A Primary bile acids (i.e., cholic acid) are synthesized from cholesterol in zone 3 PC hepatocytes, following which they are secreted into the lumen of the intestine and modified by gut bacteria to produce secondary bile acids (i.e., deoxycholic acid). B, C In Hep-TCF7L2^ΔDBD mice fed the CDAHFD, both hepatic and intestinal bile acids were significantly reduced. In a separate cohort of mice, stool bile acids were similarly lower in Hep-TCF7L2^ΔDBD mice fed the CDAHFD. However, the composition of the bile acid pool (D) was not different between the two groups of mice. Example of hepatic (E) and intestinal (F) conjugated and unconjugated bile acid that were significantly reduced in Hep-TCF7L2^ΔDBD mice.
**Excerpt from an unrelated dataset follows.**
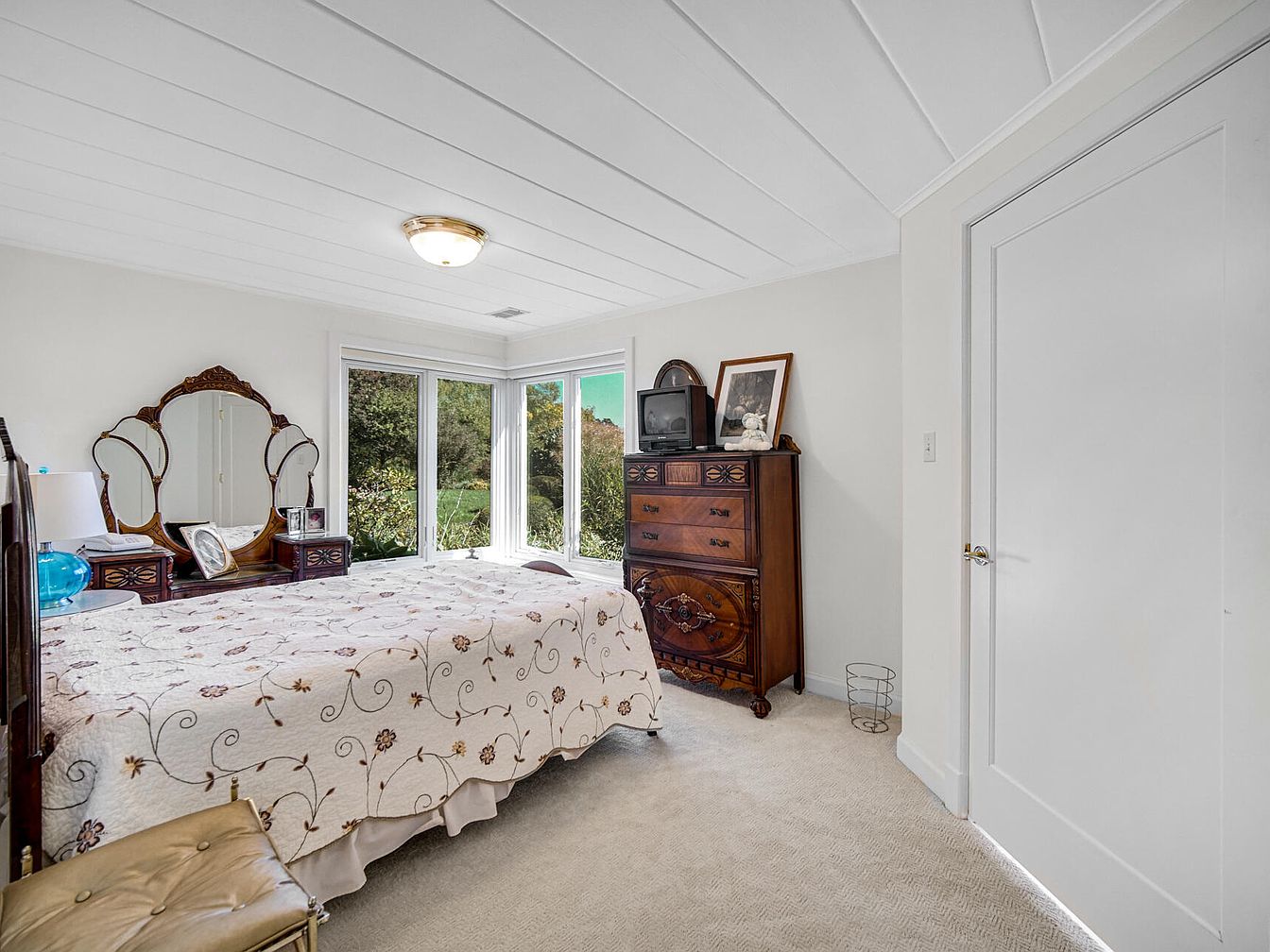 This cozy bedroom features a soft cream color palette with plush carpeting, creating a warm and welcoming space ideal for families. A large window fills the room with natural light and offers a serene view of the greenery outside, perfect for relaxation. The space is furnished with a vintage wooden vanity with an ornate mirror, a matching wooden dresser with classic details, and a simple cushioned bench. The bedspread is light with delicate floral embroidery, adding a charming touch. The uncluttered layout offers easy movement, making it safe and comfortable for all family members.

G The cholesterol 7 alpha-hydroxylase (CYP7A1) enzyme is the rate-controlling step in the synthesis of bile acids from cholesterol in the liver, and its activity can be monitored through the quantitation of the intermediate metabolite 7α-hydroxy-4- cholesten-3-one (C4). H Total hepatic C4 was reduced in TCF7L2 mutant mice (sample sizes for panels B–H: TCF7L2^LoxP/LoxP n = 8, Hep-TCF7L2^ΔDBD n = 8). I A TCF7L2 ChIP-Seq peak is observed in the proximal promoter of the mouse Cyp7a1 gene and overlaps a region of open chromatin. J The mRNA expression of hepatic Cyp7a1 was significantly reduced in Hep-TCF7L2^ΔDBD mice (TCF7L2^LoxP/LoxP n = 11, In Hep-TCF7L2^ΔDBD n = 10). K The expression of ileal Fgf15 mRNA was reduced in Hep-TCF7L2^ΔDBD mice, suggesting that feedback inhibition by elevated circulating FGF15 cannot explain the downregulation of Cyp7a1 in Hep-TCF7L2^ΔDBD mice (TCF7L2^LoxP/LoxP n = 7, In Hep-TCF7L2^ΔDBD n = 8). Data are presented as mean values +/− SD and were analyzed using two-sided unpaired Welch t tests. To correct for multiple comparisons in bile acids analysis (panels E and F), a false discovery (FDR) approach was used with a q-value ≤ 0.05 considered significant. Source data are provided as a Source Data file. Mass spec data are available for download at Metabolomics Workbench (accession: ST003641).